The charge? A black woman who attends a nearby college charged that she was hired to perform a $400 strip show, and ended up being assaulted, raped, and sodomized by the two lacrosse players - as well as a third, unnamed assailant -- in a bathroom in a fraternity house for 30 minutes.
The racial and political overtones aside, one simple legal question needs to be answered. Why don't we know the name of the third alleged assailant?
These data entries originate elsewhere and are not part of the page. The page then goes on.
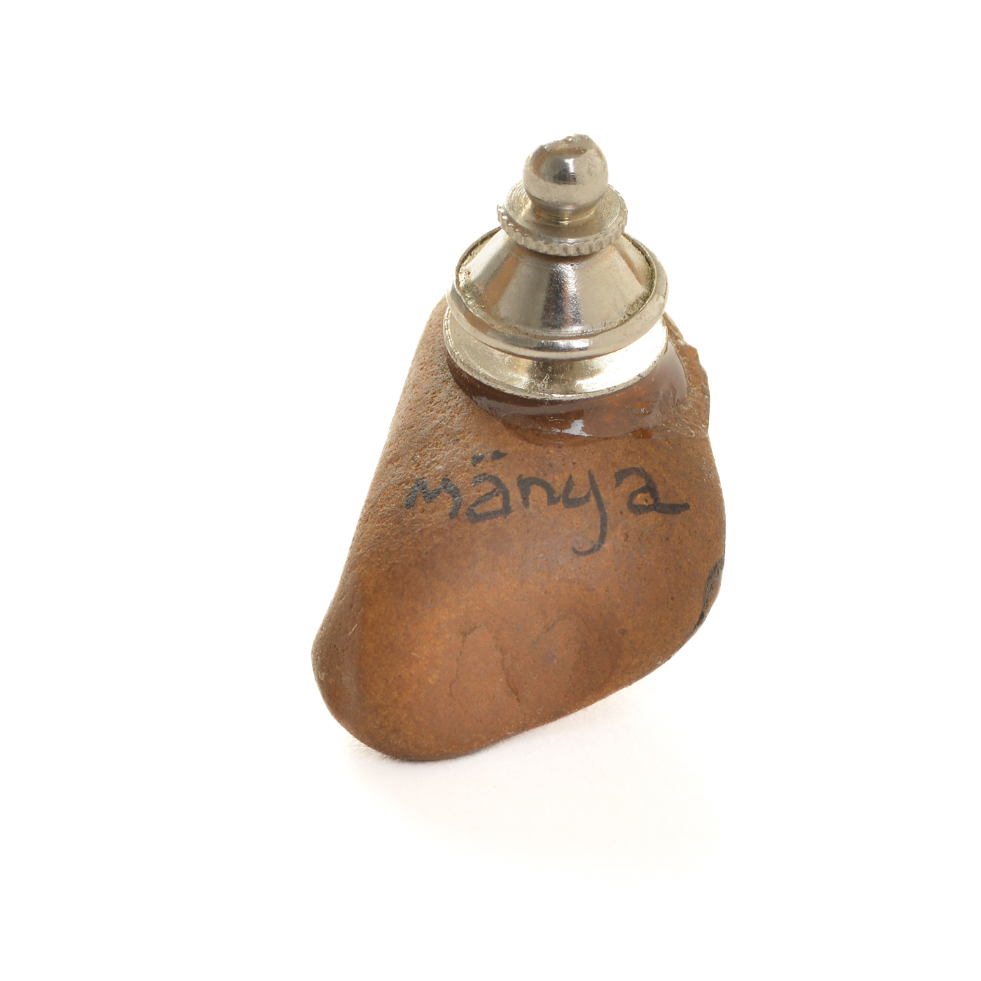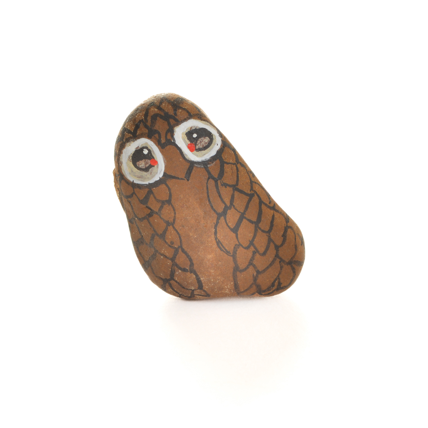 Hand painted river rock owl pin by Mänya Pirkle of Tennessee. Each pin features a natural river stone sourced from the mountains, transformed into a whimsical owl with unique features. No two owls are exactly alike, making each pin a special, wearable piece of folk art.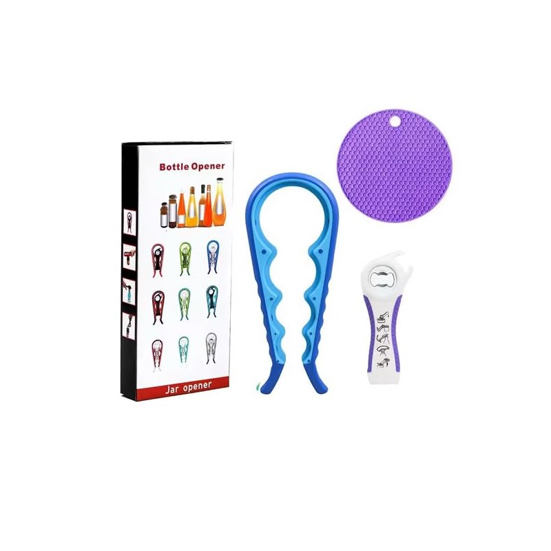 Bottle Opener/Easy to use Can Opener/lid, Cap Remover/Multi-Functional Kitchen Gadget, Safe, Pain-Free.Non-Slip Jar Opener (1, Blue/Purple)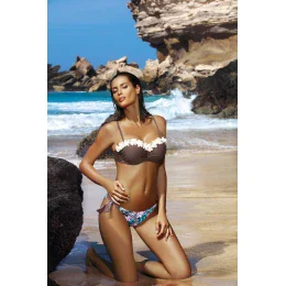 Propozycja dla pań, które marzą o dużych, jędrnych, seksownych piersiach, pięknie zebranych w dekolcie. Biustonosz wyróżnia się wspaniałą konstrukcją, przewidzianą na mniejsze i średnie piersi - jest usztywniany i posiada dość duże wypełnienie push up, umieszczone na stałe w biustonoszu. Umożliwia spektakularne wypchnięcie piersi ku górze, ich wymodelowanie i optyczne powiększenie, co zresztą widać na zdjęciu. Zastosowanie kwiecistej, delikatnej lamówki u góry, dodatkowo zwraca uwagę na pięknie wymodelowany dekolt. Ramiączka o regulowanej długości, odpinane, idealne sprawdzą się podczas opalania. Obwód wiązany na plecach. Figi to wzorzyste, wiązane po bokach brazyliany. Dla uzyskania pełnego efektu należy je mocno pociągnąć ku górze, aby ich trójkątny kształt ładnie ozdobił pupę, która częściowo wysuwa się poza kontur fig.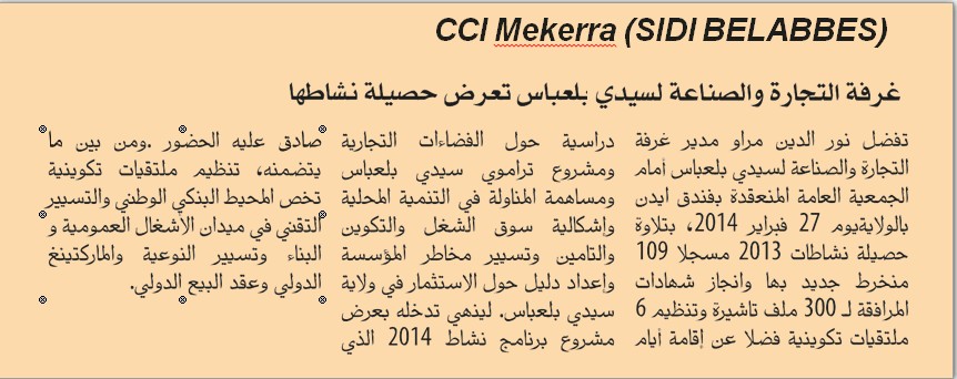 Activités de la CACI CCI Mekerra (SIDI BELABBES)/ Exposé du bilan d'activités admin 12 années ago 44 Views admin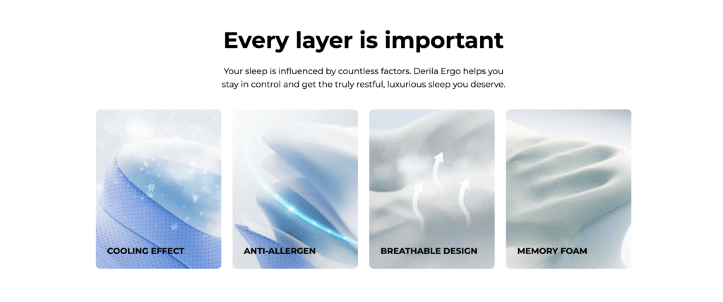 What makes Derila Ergo Pillow so effective isn’t just its ergonomic design, but the premium materials and thoughtful construction that support better sleep, spinal alignment, and natural pain relief.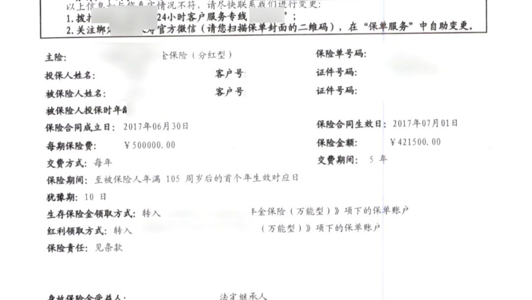 合同里明确写着,1000万元本金要等到李先生年满105周岁才能支取,五年后只能每年领取少量红利。
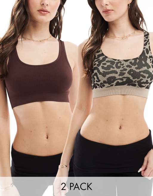 ASOS DESIGN - Confezione da 2 brassière cioccolato e con stampa leopardata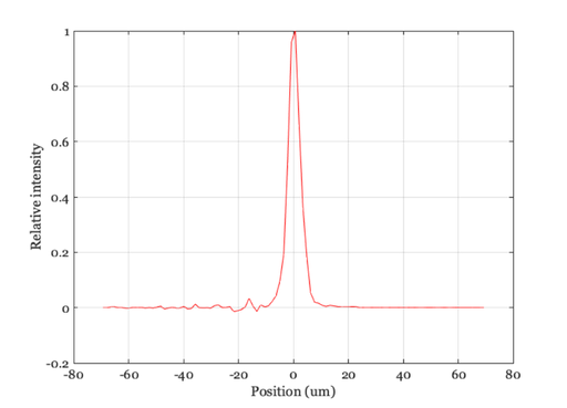 ieNewGraphWin; plot(mtfData.lsfx*1000, mtfData.lsf); xlabel('Position (um)'); ylabel('Relative intensity'); grid on
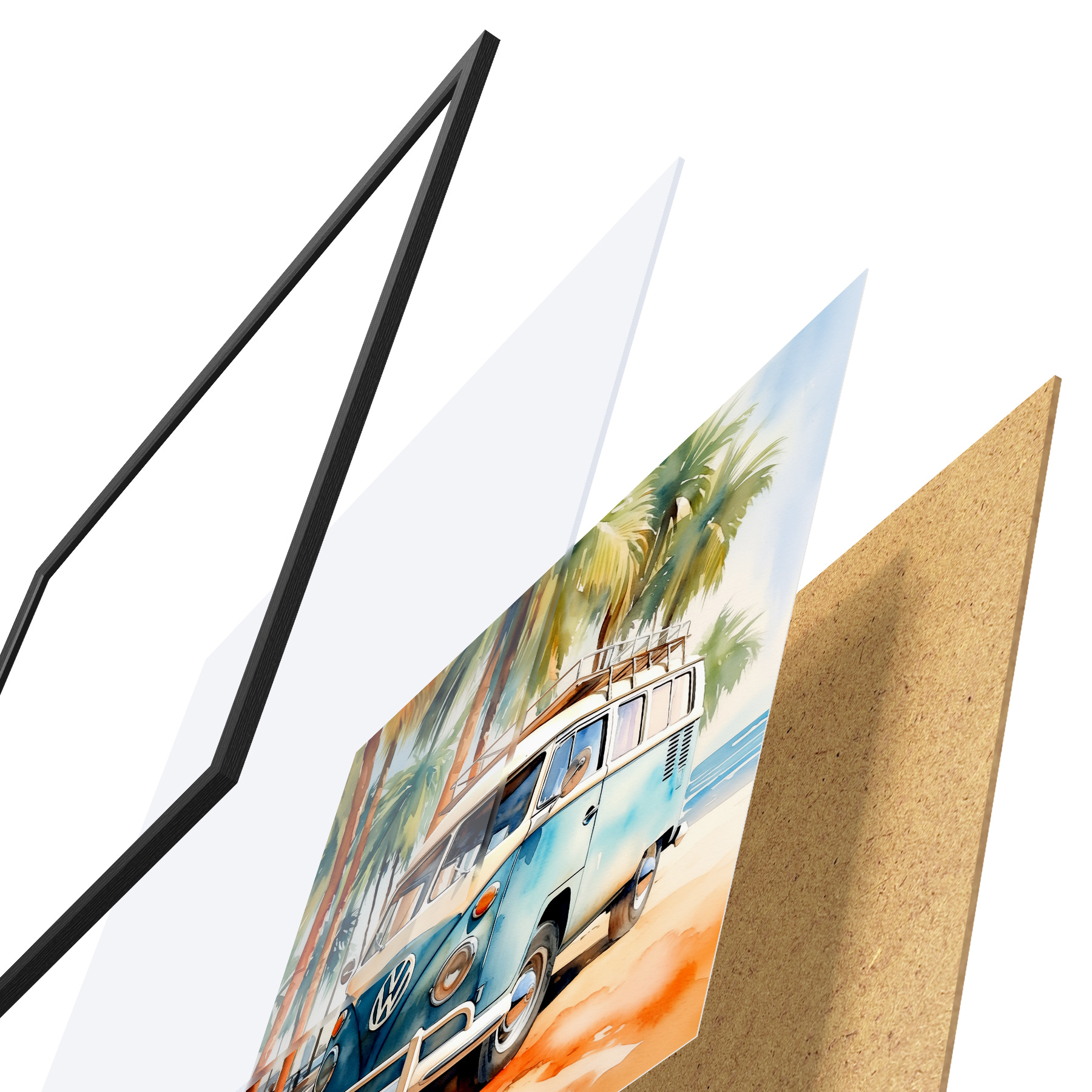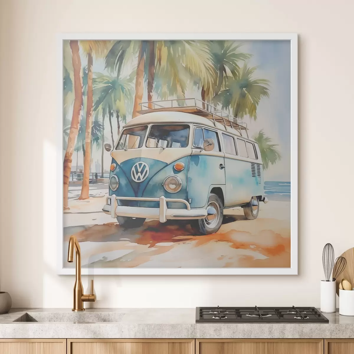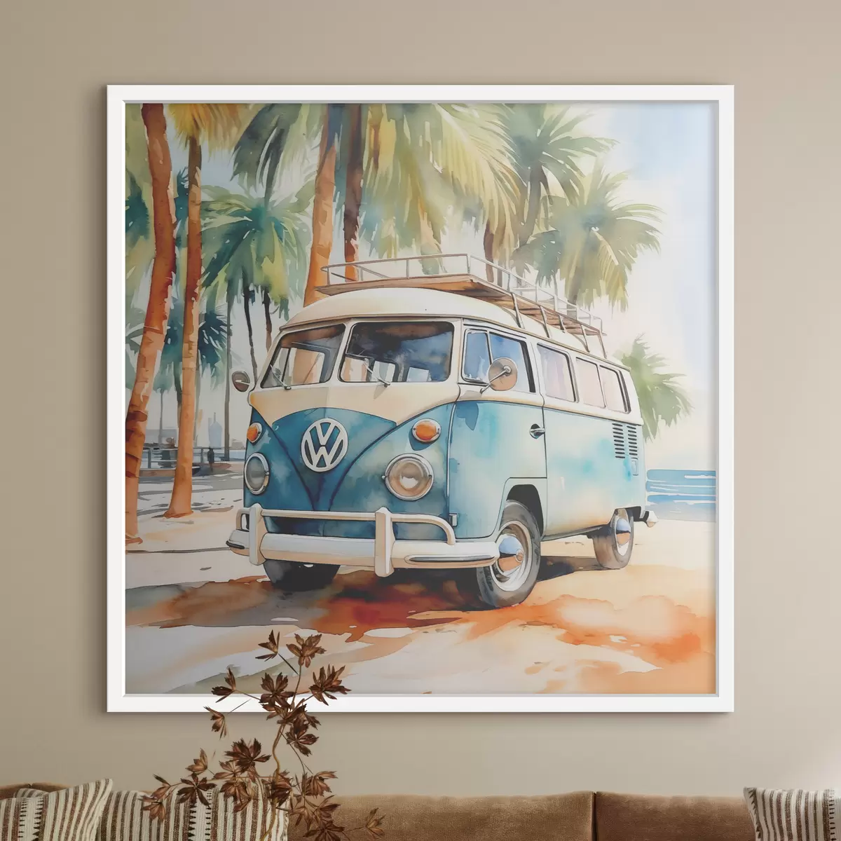 Poster Un'auto da viaggio è parcheggiata sulla spiaggia su uno sfondo di palme acquerellate Nr f38911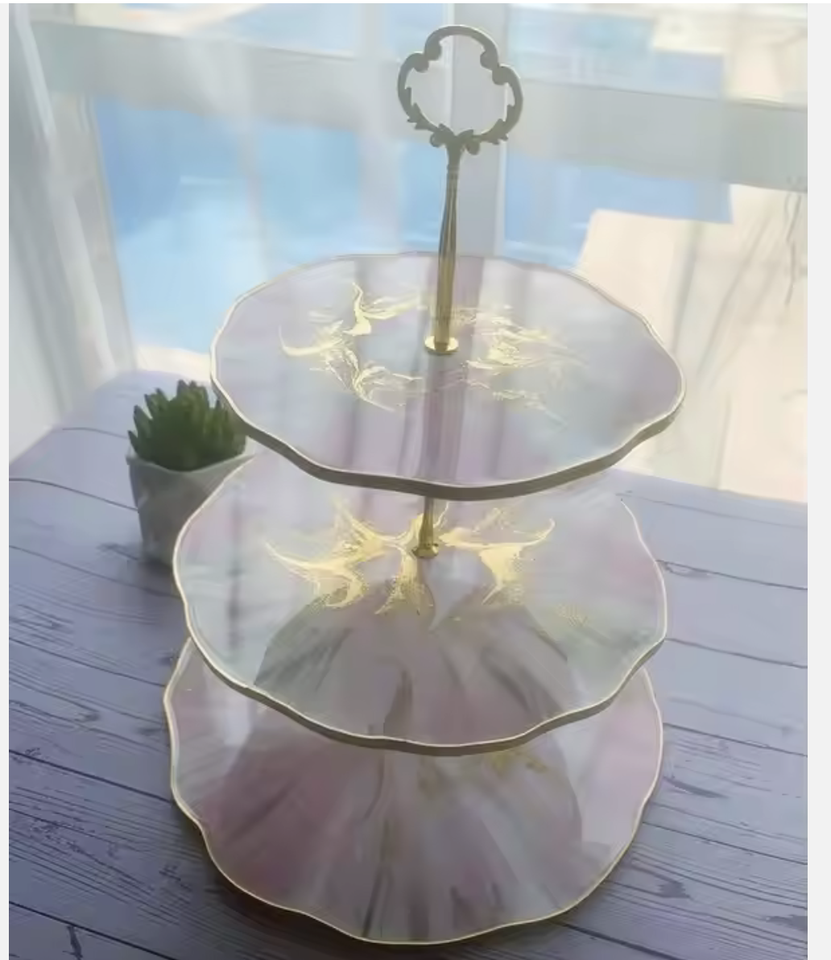 Soporte de pastel de resina de diseño Laster redondo y 2 neumáticos estilo servir resina blanca soporte de postre de pastel hecho a mano y decoración del hogar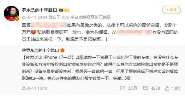 随后,罗永浩还发布10万元悬赏,公开征集西贝使用预制菜的 “真凭实据”。

The answer is simple. The indictments handed down by the Durham, N.C. grand jury were immediately sealed by the District Attorney Mike Nifong, who made clear in a public statement that "upon my motion, and pursuant to the order of Judge Ronald L. Stephens under N(orth).C(arolina).G(eneral).S(tatute). 15A-623(f), the bills of indictment were sealed. Because of that, no one in the court system was permitted to disclose that those bills had been returned - or even that they had been submitted to the Grand Jury - until such time as the defendants were arrested."
But what is a sealed indictment? Quite simply, a magistrate to whom an indictment is returned may direct that the indictment be kept secret until the defendant is in custody or has been released pending trial. Until the defendant is in custody, the clerk of court must then seal the indictment, ensuring that no person will be allowed to disclose the return of the indictment except when necessary for the issuance and execution of a warranty or summons.
In other words, the indictment is kept secret from everyone but the sheriff until the defendant is in custody. This may be done because a defendant is a flight risk, or because the publicity surrounding a case is so great as to make public disclosure prior to arrest prejudicial. In the Duke case - with rich, preppy lacrosse players and nationwide news coverage - my guess is that both factors came into play.